Per serving: 330 calories, 6 g carbs (1 g sugar), 26 g fat (4 g saturated), 22 g protein, 1 g fibre
Yum yum yum, this dinner was a total winner. I’m not sure it gets much healthier or nutrient-packed than salmon, kale and edamame.
- 1/4 cup frozen orange juice concentrate
- 1/4 hoisin sauce (look for an MSG-free variety)
- 1 tbsp reduced-sodium soy sauce
- 1 tbsp grated ginger
- 1 tsp grated orange zest
- pinch crushed red pepper flakes (optional)
- 4 boneless skinless salmon fillets
- Whisk together orange juice, hoisin sauce, soy sauce, ginger, orange zest and pepper flakes in a small bowl.
- Place salmon and marinade in a large ziplock bag, seal and turn to coat salmon in marinade.
- Refrigerate salmon for at least 30 minutes.
- Prepare salad (below) while fish marinates.

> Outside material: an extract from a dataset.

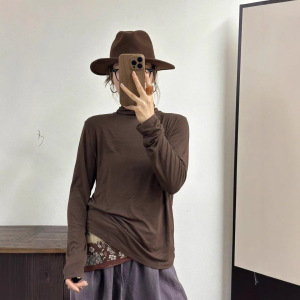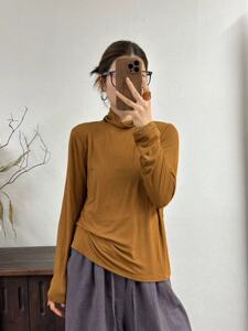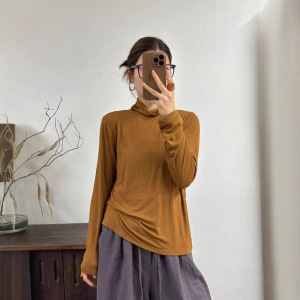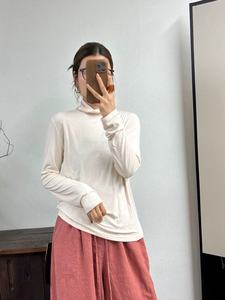 新品纯色文艺百搭弹力棉长袖高领气质通勤打底衫

- Remove salmon from refrigerator and arrange on baking sheet sprayed in oil. Broil fish on high for 8 minutes.
- Serve over salad and enjoy!
Makes 4 servings.
Per serving (salmon only): 253 calories, 11 g carbs, 9 g fat, 29 g protein, 1 g fibre
Massaged Kale & Edamame Salad
I won’t post the recipe for this salad on my blog as it is courteous of The Taste Space. Please visit the post here to see this awesome accompaniment to the orange-ginger salmon.
I will add though that I forgot to add the 1 tbsp of sweetener (agave) and found the dressing really didn’t need it, which is perfect in my opinion, as I’m not a fan of agave for health reasons – it being hard on the liver and linked to cardiovascular disease.